A method for calculating the content of gold and the content of group 15 and group 16 elements in the entire gold-coated silver bonding wire 3 will be described below. First, the gold content is calculated. After the bonding wire 3 is placed in dilute nitric acid to dissolve the core material 4, the solution is sampled. Hydrochloric acid is added to this solution, and ultrapure water is added to make a constant volume solution. The coating layer 5 is dissolved in dilute aqua regia and made into a constant volume solution with ultrapure water. The gold content is determined by quantitative analysis of gold in these constant volumes by Inductively Coupled Plasma Atomic Emission Spectroscopy (ICP-AES).

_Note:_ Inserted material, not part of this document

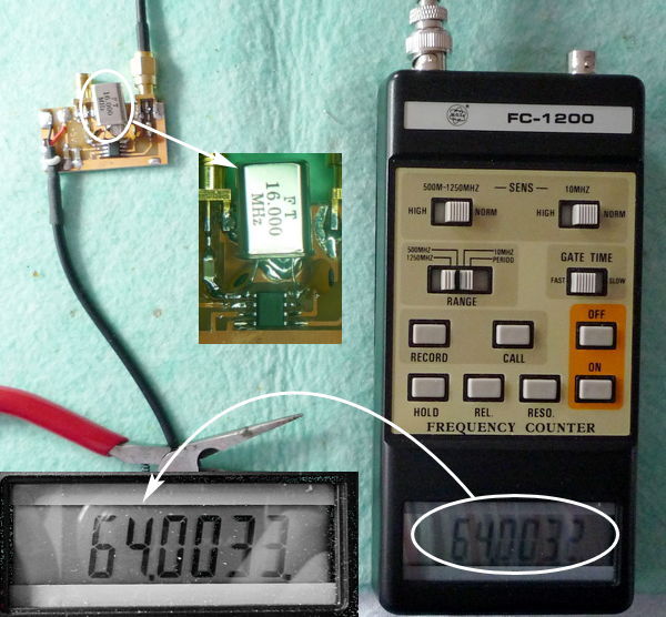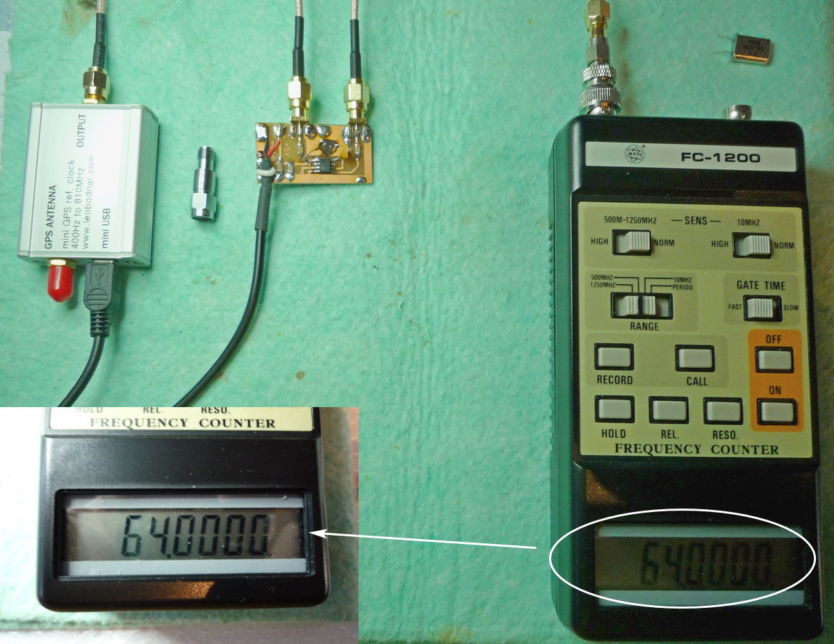 Pokud ICS 501 nepoužíváme ve funkci oscilátoru, ale jen jako PPL násobič, je pro správnou funkci násobiče důležitá úroveň vstupního signálu. Ta nesmí být malá. Základní test jsem provedl s generátorem Leo Bodnar, je mezi českými hamy rozšířený. Vstupní kmitočet byl 16 MHz, na výstupu jsem očekával 64 MHz. Na generátoru Leo Bodnar byla nastavena nejnižší úroveň. Násobič fungoval tak, jak měl a na výstupu jsem obdržel signál 64 MHz, samozřejmě s úrovní kolem 0 dBm. Frekvence signálu byla měřitelná kapesním čítačem:

Next, the contents of Group 15 and 16 elements are calculated. The content of selenium and tellurium in the coating layer 5 is determined by extracting the coating layer 5 after the bonding wire 3 is put into dilute nitric acid and the core material 4 is melted. Furthermore, after the coating layer 5 is thermally decomposed with dilute aqua regia, the measurement is performed using a solution whose volume is constant with ultrapure water. Quantitative analysis of selenium, tellurium, arsenic, and antimony in this constant volume liquid is measured using ICP mass spectrometry (ICP-MS: Inductively Coupled Plasma Mass Spectrometry). On the other hand, the content of selenium, tellurium, arsenic, and antimony in the core material 4 is measured by ICP-MS or ICP-AES using a liquid in which the bonding wire 3 is placed in dilute nitric acid and the core material 4 is melted. Thereafter, the gold content and the selenium, tellurium, arsenic and antimony content in the entire bonding wire 3 are calculated from the gold content and the selenium, tellurium, arsenic and antimony content of the coating layer 5 and the core material 4. . In addition to the above, there is also a method of analyzing by attaching a hydride generator to the ICP-AES to generate hydrides of selenium, tellurium, arsenic and antimony. Also, the sulfur (S) content of the core material 4 and the coating layer 5 is measured with respect to the bonding wire 3 using a combustion infrared absorption method. The weight of the bonding wire 3 per measurement is preferably 0.5 g or more. If the sample is difficult to dissolve, a combustion improver may be used as necessary.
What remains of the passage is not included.